Share a Conversation with the Head of Claude Code

About Verification, Quality, Team, Planning and the Loneliness of Engineers

Today, I listened to a podcast. The guest was Fiona Fung, the person in charge of the Anthropic Claude Code and Cowork teams.

Most people are still arguing about "whether AI can write code" and "whether it will replace engineers." This lady directly skipped these questions and talked about what comes after that.

Fiona has been an engineer for 25 years and has experienced several moments of "everything has changed." Because she survived the previous rounds, her judgment on this wave of AI is on a completely different level from that of a junior engineer who has only been in the industry for two years.

Since the content is long and a bit scattered, I reorganized it after understanding it.
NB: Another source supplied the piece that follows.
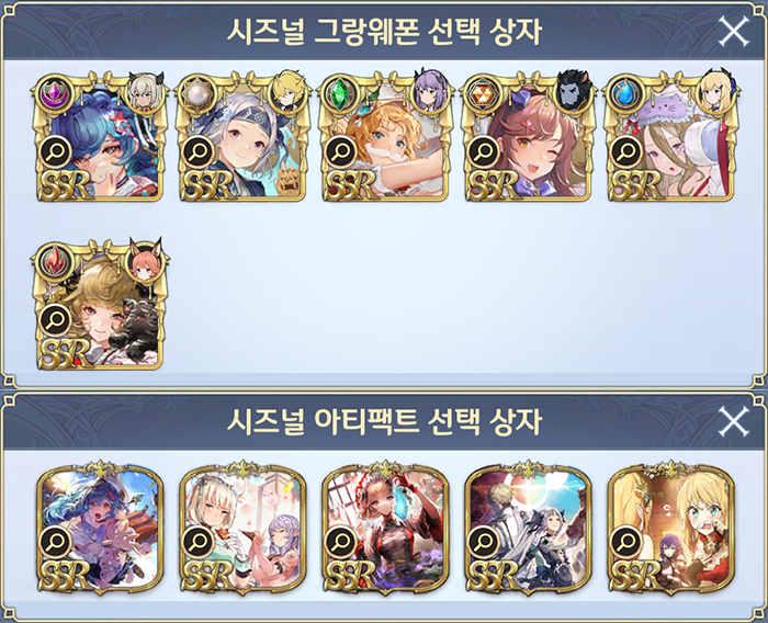 다음은 시즈널 그랑웨폰과 시즈널 아티팩트, 고대·천사·요괴 그랑웨폰 판매다. 이번 상품은 광휘의 그랑 쥬얼과 신록의 그랑쥬얼로 구입 가능하며, 판매 기간은 2주다. 상품 목록과 입수 가능한 시즈널 그랑웨폰, 시즈널 아티팩트 목록은 다음과 같다.

At the beginning of the podcast, she put forward a view: Coding is no longer the bottleneck.

A piece of data:

On average, Anthropic engineers deliver eight times as much code per quarter as they did between 2021 and 2025. The trend in the chart is stable, stable, stable, and then it shoots up in a straight line.

The explosion in code volume is just the surface. What really interests her is another thing: The people submitting code have changed.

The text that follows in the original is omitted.